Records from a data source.
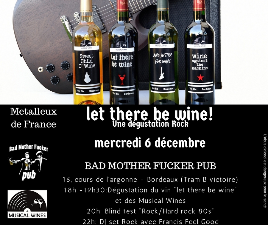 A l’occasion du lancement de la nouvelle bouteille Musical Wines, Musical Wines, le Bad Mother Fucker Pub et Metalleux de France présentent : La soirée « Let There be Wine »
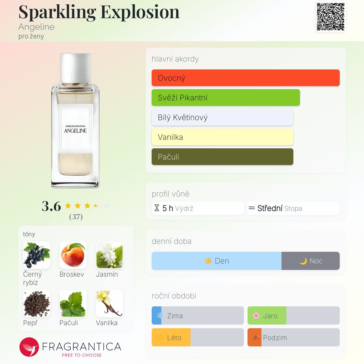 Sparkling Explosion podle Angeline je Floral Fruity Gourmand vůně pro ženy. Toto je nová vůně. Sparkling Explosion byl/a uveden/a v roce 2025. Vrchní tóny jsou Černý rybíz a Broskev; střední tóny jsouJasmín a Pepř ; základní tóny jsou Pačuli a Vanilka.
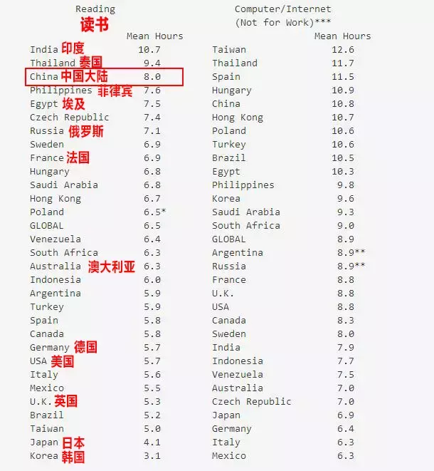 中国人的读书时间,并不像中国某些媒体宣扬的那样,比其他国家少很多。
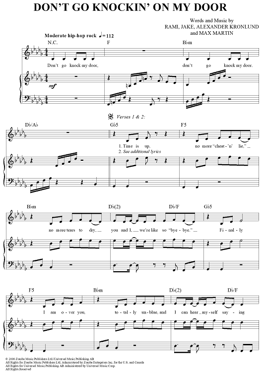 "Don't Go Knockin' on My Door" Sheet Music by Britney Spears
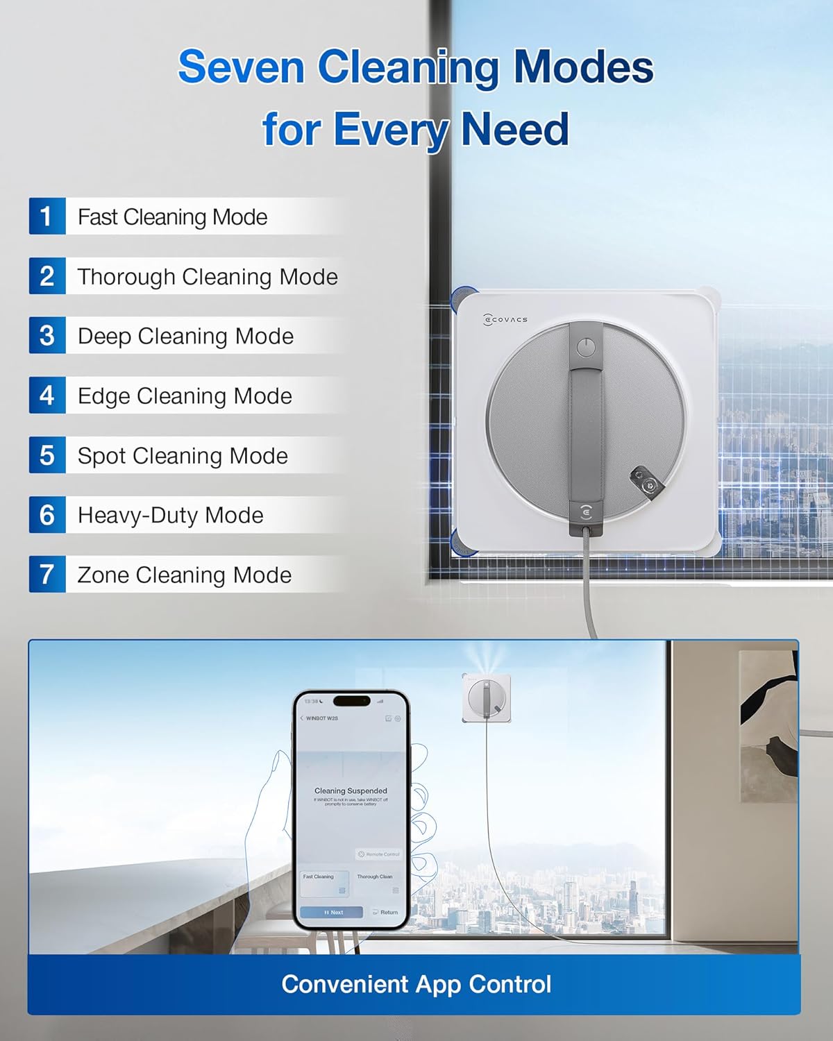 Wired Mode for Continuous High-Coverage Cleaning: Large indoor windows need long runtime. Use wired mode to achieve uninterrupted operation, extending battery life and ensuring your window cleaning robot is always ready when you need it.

EXERCISE REQUIREMENTS. Starting at the line that contains "Sparkling Explosion podle", output every line through the end of the data, both ends included, and nothing else; pictures stay out.

TASK ANSWER.
 Sparkling Explosion podle Angeline je Floral Fruity Gourmand vůně pro ženy. Toto je nová vůně. Sparkling Explosion byl/a uveden/a v roce 2025. Vrchní tóny jsou Černý rybíz a Broskev; střední tóny jsouJasmín a Pepř ; základní tóny jsou Pačuli a Vanilka.
 中国人的读书时间,并不像中国某些媒体宣扬的那样,比其他国家少很多。
 "Don't Go Knockin' on My Door" Sheet Music by Britney Spears
 Wired Mode for Continuous High-Coverage Cleaning: Large indoor windows need long runtime. Use wired mode to achieve uninterrupted operation, extending battery life and ensuring your window cleaning robot is always ready when you need it.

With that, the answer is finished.